At the Supreme Court, Washington’s lawyer, Richard Shapiro, argued that Washington’s defense counsel admitted that he felt helpless upon learning of his client’s murder confessions and this was why he did no independent investigation into his background. The lawyer had no “strategic or tactical choice for this this total lack of investigation,” Shapiro explained to the justices. “When his client’s life was at stake,” this lawyer “could not point … to a single shred of independent evidence that would have advised the judge of a fuller understanding of who David Washington is.”
If Washington’s lawyer had conducted a proper investigation, Shapiro argued, he would have discovered psychiatric and psychological evidence showing “child abuse, deprivation, and neglect as a youth.” When “combined with the extraordinary pressures that were placed on Mr. Washington at the time of the crimes,” this “led to the severe mental and emotional distress which resulted in his breakdown during that period of time” when the murders took place. A skeptical Justice Rehnquist asked whether a jury would really “buy that.” The defense counsel had failed to present supporting facts, Shapiro responded, and that had the potential to “make the difference.”
Shapiro argued that the Sixth Amendment demanded a test for the adequacy of counsel that was focused on the “impairment of the defense,” rather than the outcome of the case.
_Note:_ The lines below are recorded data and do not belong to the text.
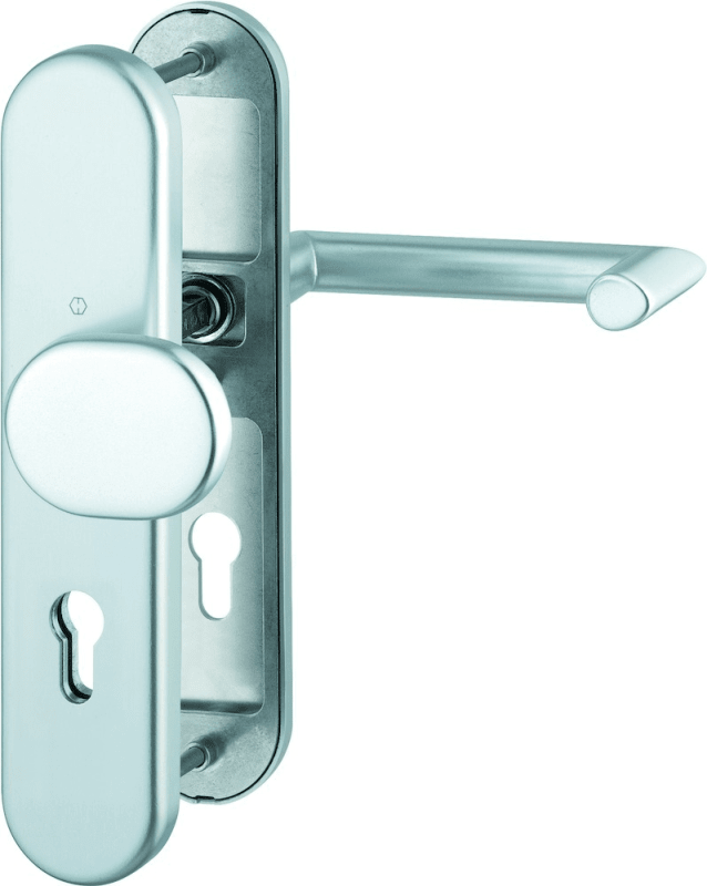 HOPPE® Schutz-Wechselgarnitur Karlstad FS-86G/3331/3310/1141F; Material: Aluminium; Befestigungsart: verdeckt verschraubt; Vierkant: 9 mm; Befestigungstechnik: mit Stütznocken; Abdeckung: Langschild;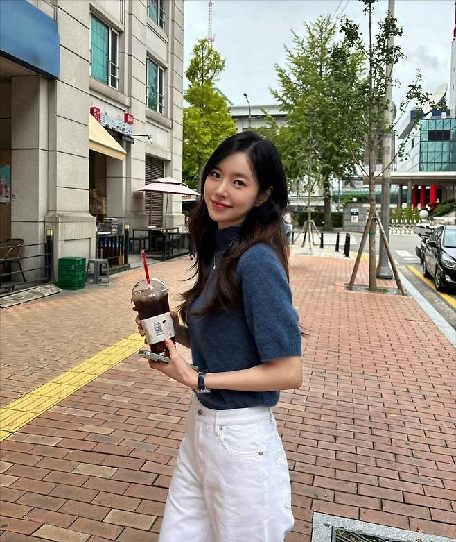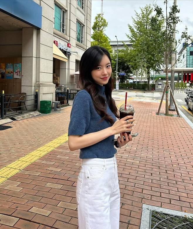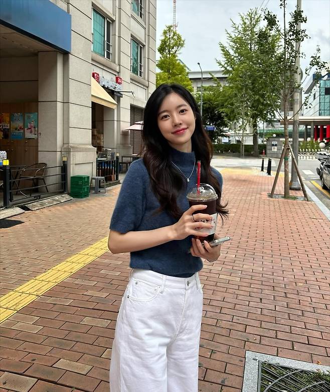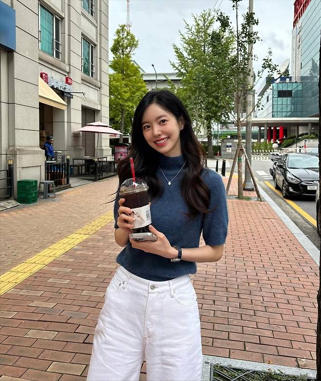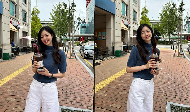 손에 든 아이스 아메리카노와 부드러운 미소가 어우러져 마치 청춘 영화의 한 장면 같은 분위기를 연출했다.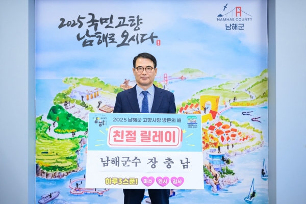 [한국Q뉴스] 남해군은 ‘2025년 고향사랑 방문의 해’를 맞이해 ‘친절 남해’ 이미지를 제고하고 민관협력으로 범군민 친절 마인드를 함양하기 위해 군민 모두가 공감하고 참여하는 ‘친절릴레이 캠페인’을 시작한다고 밝혔다.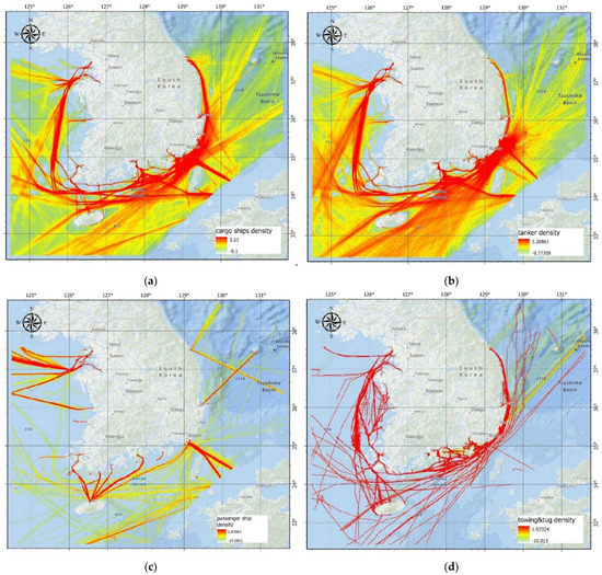 Figure 6 shows the visualization results of the density calculations for each ship type. The traffic density of cargo ships was high along the coast from Incheon to Donghae, and the routes of ships entering and departing from major domestic ports were clearly evident. In addition to coastal routes such as harbor approach routes and coastal access routes, open-sea routes with low density values were clarified. However, tankers were reported at high density in Ulsan, which handles voluminous liquid cargo. Other tanker routes, namely, to Incheon, Pyeongtaek, Daesan, Gunsan, and Yeosu, demonstrated high densities too. The tanker density on the route around the coast was similar to that of cargo ships along the west and south coasts but lower than that of cargo ships along the east coast. Passenger ships were divided into domestic and international routes. The domestic passenger ships traveled from Jeju to Mokpo, Wando, and Geomundo, along simple routes between Pohang and Ulleungdo, and along major routes between islands. The international passenger ships traveled between Japan and Busan and between China and Incheon, Pyeongtaek, and Gunsan. Towing ships demonstrated a more irregular traffic pattern than the other three ship types, with complex and variable routes. They included a route from the coast to the open sea (probably taken by rather large towing ships) and a route within the waterway (probably taken by small tug boats supporting port entry and exit).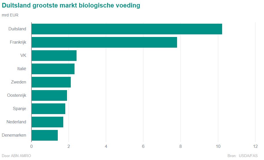 Duitsers geven circa EUR 130 per hoofd van de bevolking uit aan biologische producten. Nederlanders geven in vergelijking tot de Duitsers een stuk minder uit aan biologische voeding. Nederland staat in Europa op de zevende plaats.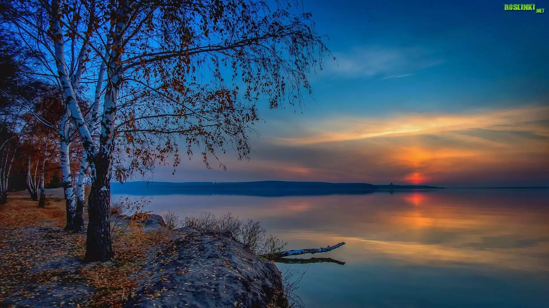 Rośliny: Jezioro, Zachód słońca, Fractalius, Brzoza

An outcome determinative test, he argued, “assumes the defendant could have a fair trial with incompetent counsel.” A defense “counsel laboring under a sense of hopelessness,” as Washington’s lawyer was, “ is not the zealous advocate that the Constitution requires and that the sacred professional trust of an attorney requires.” Chief Justice Burger worried that such a standard would “eliminat[e] perhaps two thirds of all the criminal cases that come to trial, at least half.”
Attorney Carolyn Snurkowski argued on behalf of Charles Strickland, the superintendent of Florida state prisons. She laid the blame for the outcome of the trial squarely on Washington. He had acted contrary to the advice of his lawyer by confessing, pleading guilty, and waiving sentencing proceedings. She derisively summarized Washington’s position: “Although I pled guilty, I have no complaints about [my lawyer’s] preparation for trial, although I cut him off at the knees with regard to presenting my case to a jury or to a judge, he was ineffective at the sentencing phase because he did not do certain things.” Snurkowski argued that Washington failed to make a specific allegation about his lawyer’s competency and that he failed to demonstrate that the alleged incompetence led to prejudice or changed the outcome of the case.
On May 14, 1984, the Court ruled, by an 8-1 vote, against Washington. (Justice Marshall dissented.) In her majority opinion, Justice O’Connor held that a court should only find a Sixth Amendment violation for ineffective assistance of counsel in cases where (a) the lawyer’s performance was deficient, meaning that the lawyer failed to meet an “objective standard of reasonableness”; and (b) the deficient performance prejudiced the defense enough to deprive the defendant of a fair trial, which requires that the defendant shows a “reasonable probability” that the result would have been different if the attorney had not erred. The Court found that Washington failed to meet this demanding standard. He would be executed two months later.